When it comes to how much retired players receive in benefits, the numbers are based on many factors. Galloway gave an example of a player who qualified for 10 years of credit in the 1990s and has started to receive payments recently. He would receive about $30,000 a year.

“We are targeting a minimum payment of $50,000 annually for current players with five years of service,” Galloway says of future payments for current players. Similarly, he says, if a player gets 10 years of credit, the payment would be closer to $100,000, and if he plays 20 years, it would be around $200,000.

ATP Player Board members make up the committee that administers the program, Galloway says, and it regularly consults with the ATP Player Council on any significant pension-related matters.

There are currently over 800 participants in the plan and 273 participants received a benefit payment in 2018 — a total of $2.5 million was paid out to them. Athletes receive their benefits over a 20-year period, between ages 50 and 70.

The pension has $160 million in investment assets. The ATP has its own investment committee for the funds, which are in tiers similar to how target-date funds work. The money invested for players in their 40s is in the most aggressive investments, and they get less aggressive for each of the other tiers: 40-50, 50-70, and over 70, Galloway says.

Where does the money to fund the pension come from? Galloway says from various sources — some comes off the top of prize money at tour events, and the largest amount is usually from a share of the tour’s financial success from things like tournament revenue and TV deals.

He acknowledges that another reason the fund needs more money is that more players are playing longer. Federer is 38 years old and there are more players in their 30s that at any time in the history of the ATP Tour.

How it compares to retirement plans in other sports

He also admits that other major sports leagues currently have better-funded retirement plans for their athletes. “The NFL, NBA, MLB and NHL have built robust retirement programs with multiple plans over a long history. The PGA Tour also has arguably one of the richest retirement programs in sports.

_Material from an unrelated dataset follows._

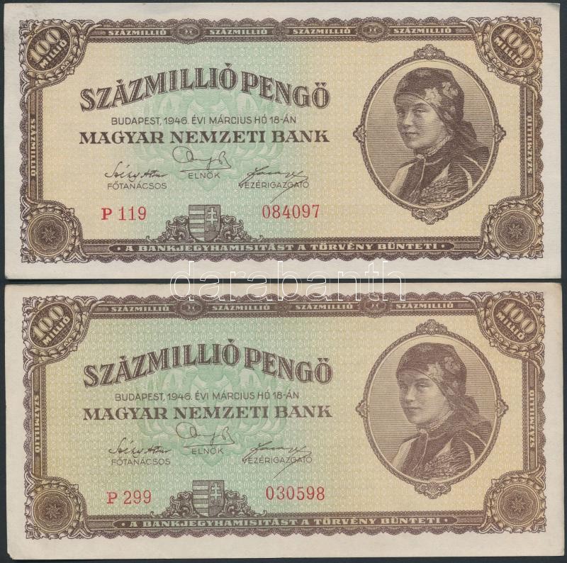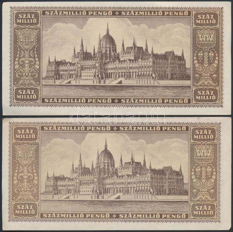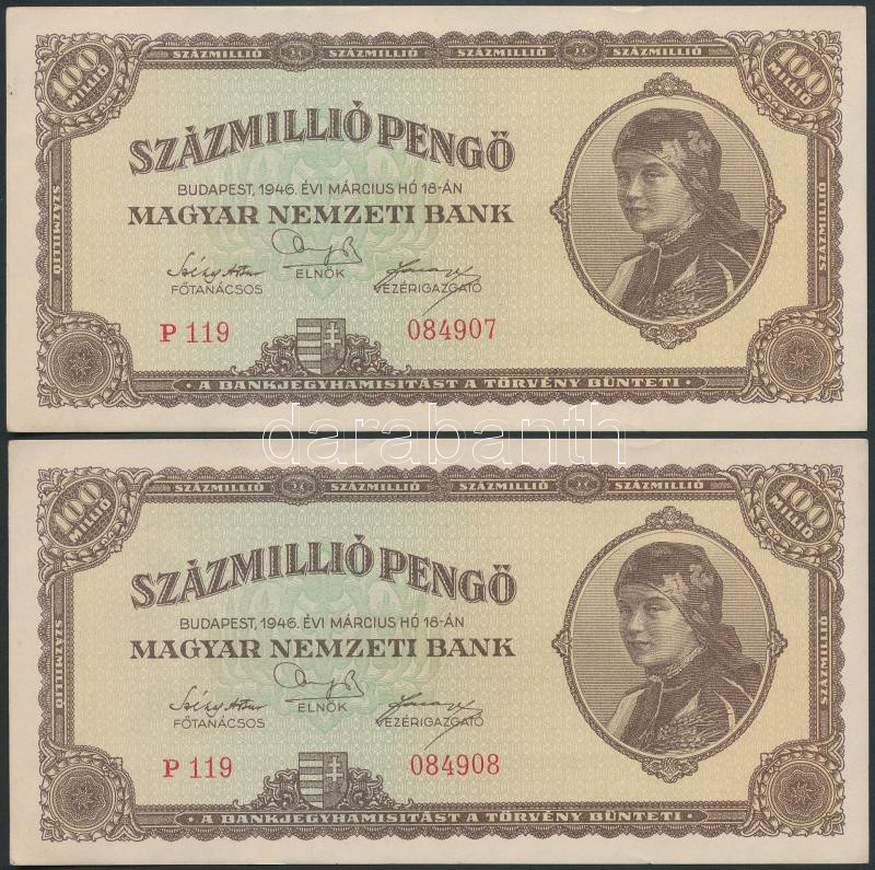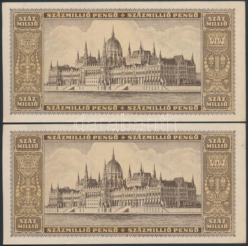 1946. 100.000.000P (4x) párban sorszámkövetők T:I,I- https://www.darabanth.com/de/263-Fernauktion/263.0/Numismatik/Ungarische-Banknoten~300007/1946-100000000P-4x-parban-sorszamkovetok-TI-I-~II1310613

Our focus is on ensuring growth relative to where we have come from, and with the recent increased contributions, the ATP plan has become much more competitive with the benefits offered by other sports,” he says.

Funding the plan has been one of the ATP’s goals for many years because it wasn’t competitive with other sports, he adds, saying “we’re trying to attract the best athletes we can.”

MarketWatch recently profiled the retirement plan for golfers on the PGA Tour, which defers income from tournament earnings into retirement funds for players, and over 100 golfers currently have more than $3 million in their retirement accounts.

Also see: Here’s how much pro golfers earn in retirement money from the PGA Tour

Galloway says that the ATP is a U.S. tax exempt organization, so it’s only able to offer players a pension, whereas many other sports leagues offer 401(k) plans with generous matching in addition to pensions. He adds that, “This program covers participants from 70 countries who will live and work in countries with various currencies and income tax rules and regulations. So the structure we have in place we believe is the most efficient available to our players at this time and is unique among sports organizations and player representative bodies worldwide.”